Poltergeists don’t need forgiveness. They just need to burn themselves out and disappear. Exorcise themselves.

“Sorry,” he will say, and swallow down the small ghost that lives in his throat, “just… having a day.”

Aziraphale will smile and not understand, or maybe understand too much, and will pat the bit of sofa next to him. 

“That’s fine. As long as you have it with me.”

Crowley will fit somewhere between bookshelf and angel, between armrest and arm. He will exhale the spirit in his throat through any number of controlled breaths and with the help of Aziraphale’s thumb rubbing circles onto the back of his hand. 

He will eye-fuck the grooves that Aziraphale’s lips have stamped on the rim of his wine glass and not think about fire, not think about forgiveness. Will think instead of the thing holding both of their hands. Will think instead, you are not missing from me. 

(This is it. This is the fourth one.)

These are the demonic ones. The inhuman ones. The elemental ones.

These show up at Aziraphale’s doorstep in a crisp black suit and take him out to dinner. These brush lazy fingers through his fluffy white hair and murmur sleepy words of thanks into his ear after too much wine. These haul that angelic white ass out of revolutionary prisons and burning churches.  

These also show up in the scales on his skin one evening when he’s had far too much to drink and is too tired and the hold he has over this skin is shifting away to another one. These show up in the lack of white around his eyes.

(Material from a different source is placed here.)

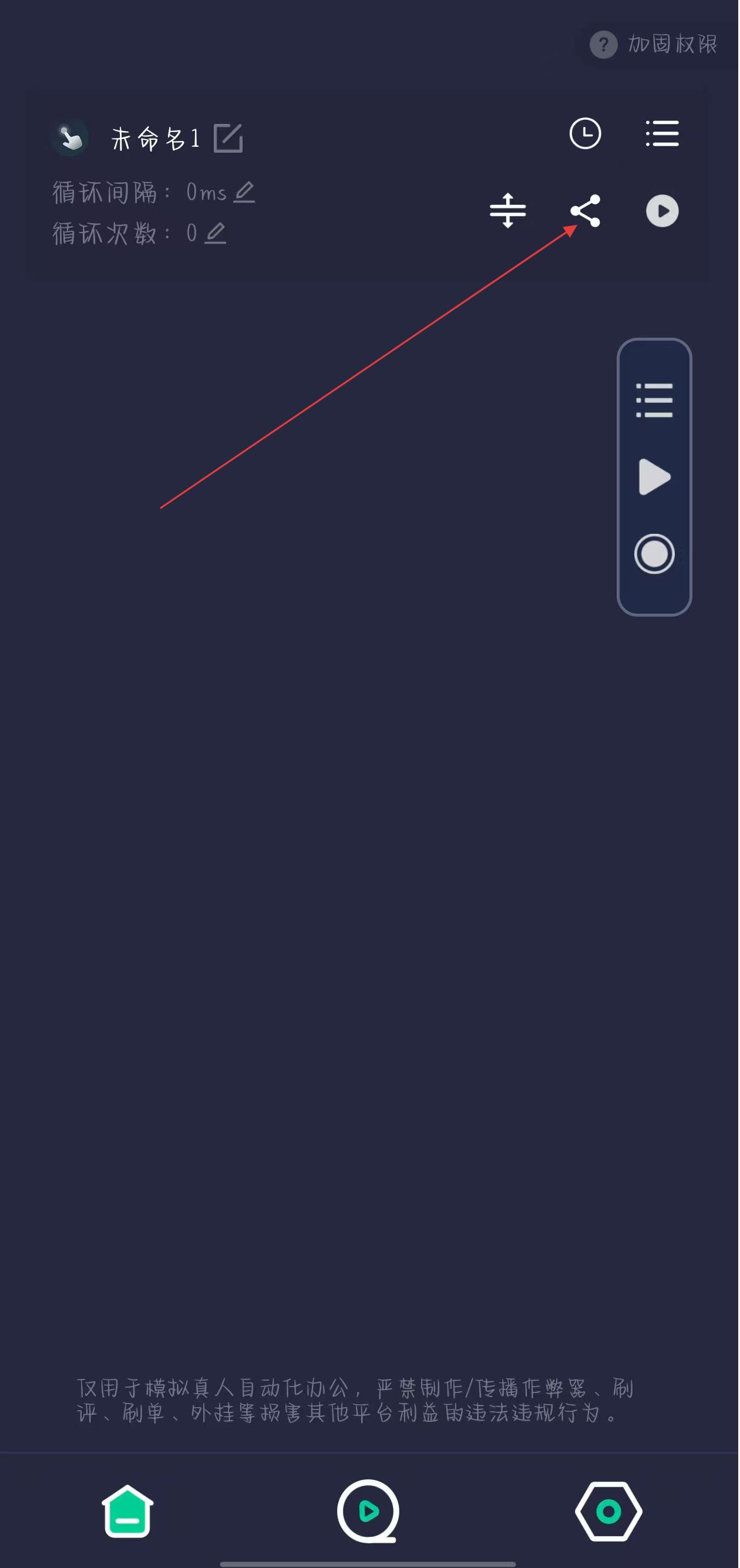 1、打开小触控应用,点击界面中脚本右下角的分享图标,进入分享脚本页面。

Aziraphale will take his hand and maybe his whole body too— sling him in his arms like Ophiuchus at last, tuck him in to his own bed. He will kiss a few of the scales that run oil-black along his neck, his arm, his hand. He will lay down next to him and not sleep— watch instead as Crowley’s skin shifts in any number of beautiful and terrible ways. 

He will wake up at some point in the morning when it is still dark out, maybe three A.M.— that perversion of the holy trinity— and find an angel watching him in the dark. 

He will say something like, “I hope I didn’t ruin Christmas Eve.” 

And Aziraphale will smile and let himself get pulled into a horizontal embrace.

“You didn’t,” he will say, “not at all.”

“Jesus was born in September anyway,” Crowley will mutter into the junction of his neck. 

Demonic hauntings have the peculiar habit of stealing religious artifacts. The crucifixes will go missing. The bibles will find themselves gone. You will have misplaced those rosary beads. 

Those things are too small though— not enough. There is really only one religious artifact that Crowley is interested in stealing, and it is already in his arms.